The insurance specialist told Port Strategy that while ports generally have robust security measures, “there is a limited amount that they can do to help others in the supply chain”.

He explained that unsecure parking is a particular issue in Europe and the UK, which is a hotspot in itself, accounting for 56% of all cargo theft in the continent.

Daytime deliveries

The most important thing that ports can do is work with their cargo haulier partners to understand their challenges better and work out whether scheduled collections can be done in the day rather than evenings to avoid parking overnight in unsecured facilities and the risk of theft.

“We recently had a case where there was instruction not to park overnight with a particular cargo.

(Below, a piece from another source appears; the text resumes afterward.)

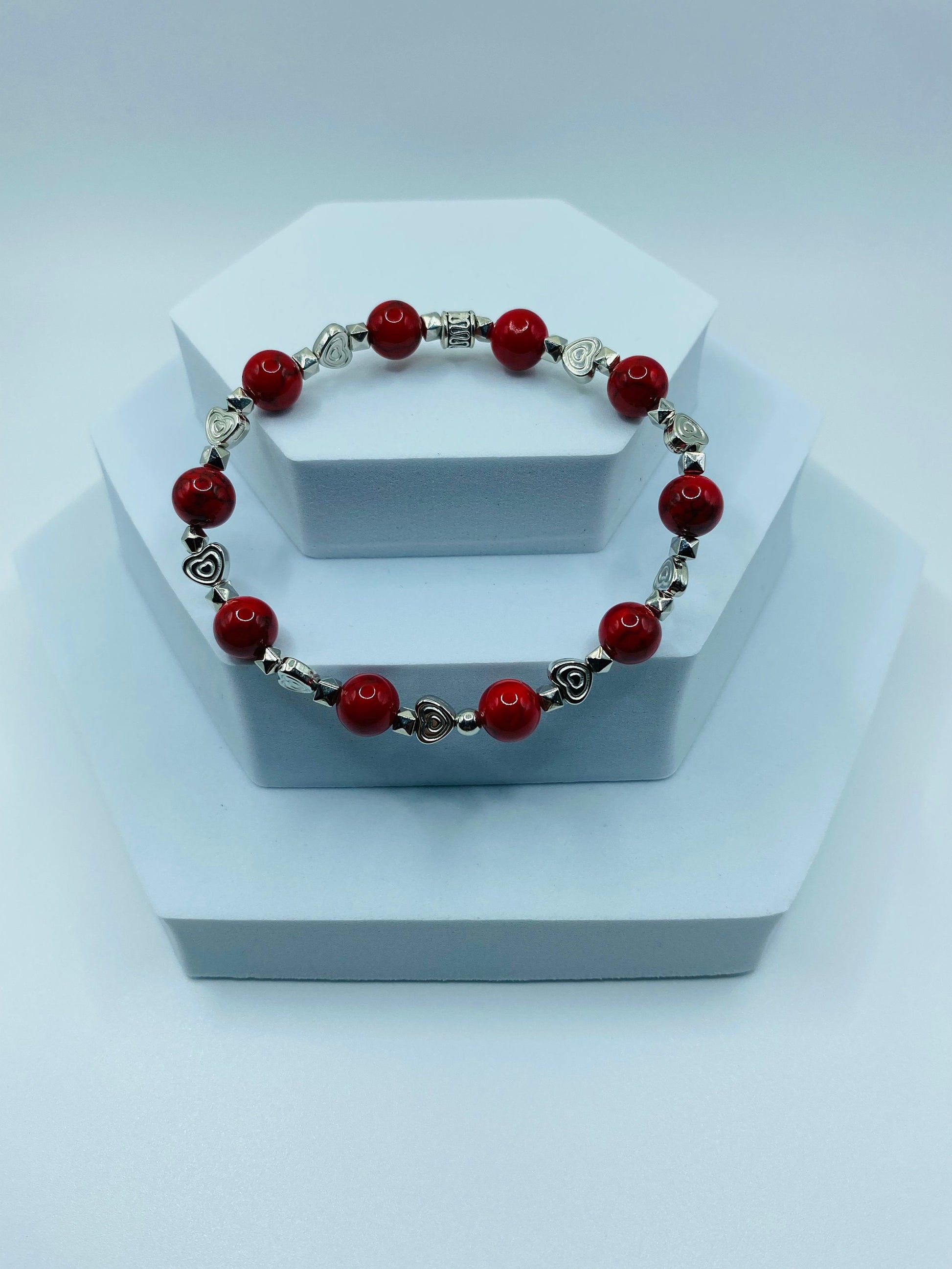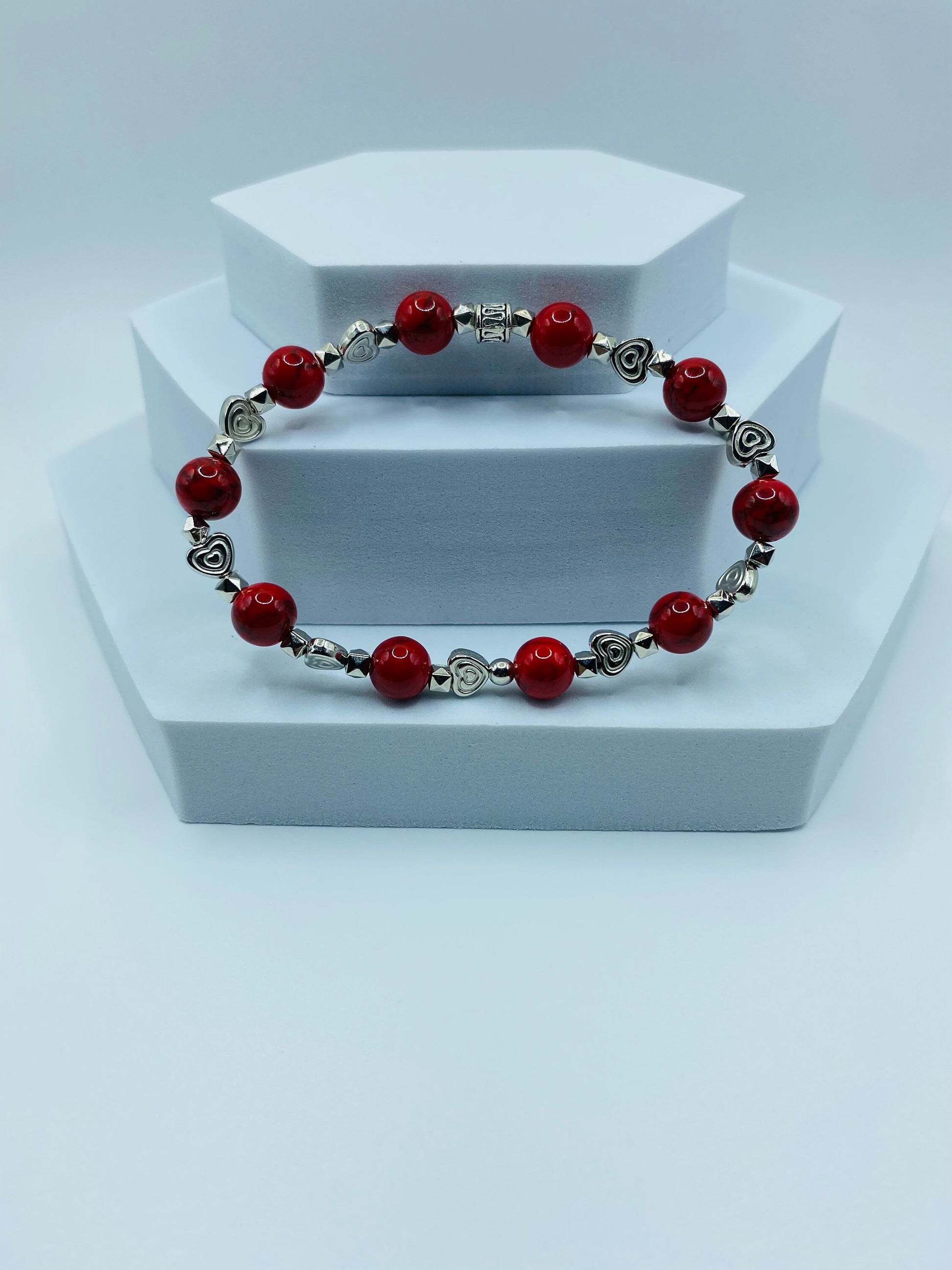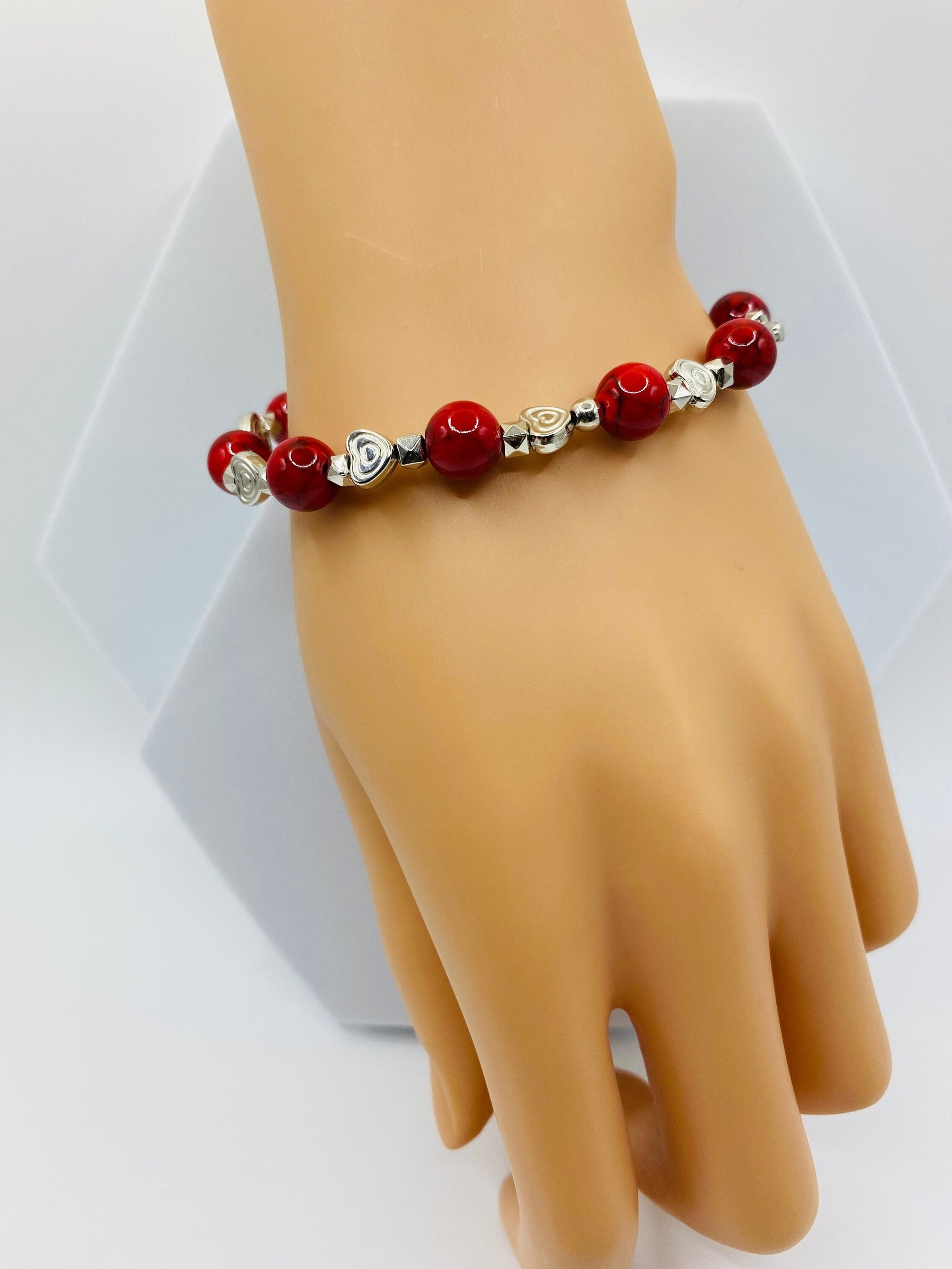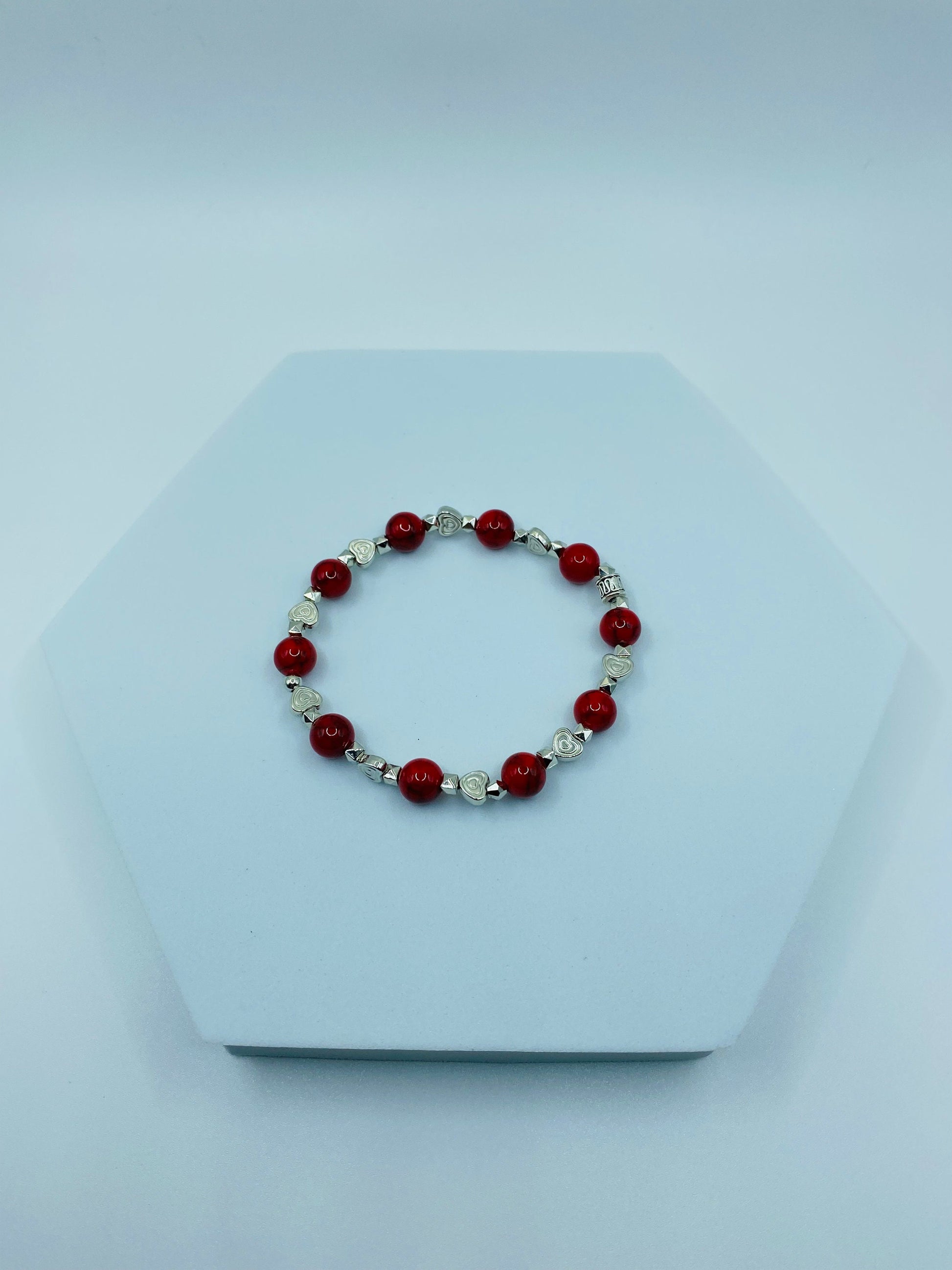 PRODUCT DETAILS - Turquoise with white gold hearts beaded bracelet - 8mm Red Turquoise gemstone bead - 6mm real white gold heart beads - 2mm silver plated round spacer beads - Strong, stretchy cord - Handmade in a clean and safe environment

“There was an operational error somewhere, the container parked overnight and was the target of a theft. So it should only be collected the day of delivery, it’s more diligence based in that sense.”

Mr Yarwood pointed out that parking security is an increasingly important issue as there are a lot of ports expanding and therefore cargo is expanding, so Hinterland connections tend to funnel heavy goods traffic.

Offering an example, he stated: “There’s no secure parking up the A14 for Felixstowe and thousands of trucks a week use this,” but added it's not clear “what ports could do to alleviate that risk”.

Ports could also communicate with local haulage companies so both parties are informed and up-to-date with theft hotspots, using a tool such as UK freight alert system, NaVCIS Freight.

Within ports, security should continue to focus on a combination of physical security measures and logistical management including perimeter fencing, security guards, CCTV, sensors, paperwork cross-referencing and due diligence.